Citizen Journalists Help Tell the Virginia Tech Story (Follow the Media):Watching the tragedy at Virginia Tech unfurl via CNNI has brought home how important civilian journalists have become to the telling of breaking news on television.”

Again, it's very worth checking out Roanoke.com, which has set up a guest book and posted an interactive map, video, audio, forums and more -- and the newspaper is also continuing breaking news coverage. The capable team there really stepped up and provided a good example for other newspapers who may have to cover a similar event -- though we certainly hope that will never, ever happen.

Update April 18: Editor & Publisher has a good piece interviewing the editor of the Virginia Tech stuent newspaper, the Collegiate Times. "The student publication has already garnered accolades for jumping on the story early with what appears to be the first online report of shots fired at a campus dormitory, Web updates that have rivaled major market dailies, and the first list early Tuesday naming many of the dead victims -- still linked at The New York Times' site," Editor & Publisher reported.
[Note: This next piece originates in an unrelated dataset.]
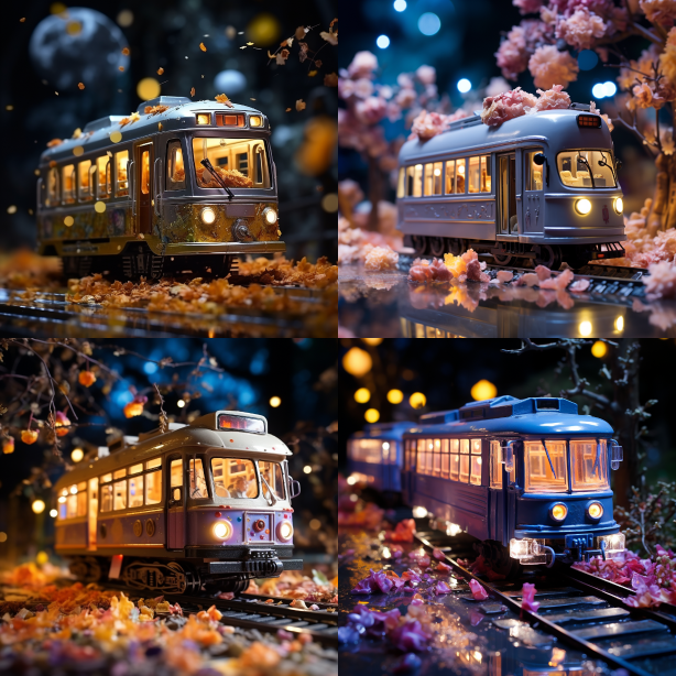 Midjourney Bot 更新时间:2023-08-30 03:50Autumn festival lands which make of plastic filled with light and look like toy tram, fashion photography, full moon sky, close up --ar 1:1 --style raw --v 5.2 --s 250

There's another story on the fabulous Collegiate Times coverage on NPR.

And last night, the Center for Citizen Media Web site published an op-ed (scheduled to run in the Washington Examiner today) about how events like these may give us a glimpse into our digital media news future. Dan Gillmore wrote, "We used to say that journalists write the first draft of history. Not so, not any longer. The people on the ground at these events write the first draft. This is not a worrisome change, not if we are appropriately skeptical and to find sources we trust. We will need to retool media literacy for the new age, too."

Also yesterday, Steve Fox questioned whether the now famous (or "infamous," he wrote) cell phone video with gunfire sounds is really journalism. "Consider this: the video had no inherent news value and told no story. It did have sounds of bullets being fired and screams. Those were bullets that killed, maimed and injured students and faculty members. This wasn’t a video game. Is such video responsible journalism? Are these the types of Citizen Journalists that people want to see? Are we doomed to create “citizen journalists” to play the I-patsies for cable television?" Fox wrote on NewAssignment.net.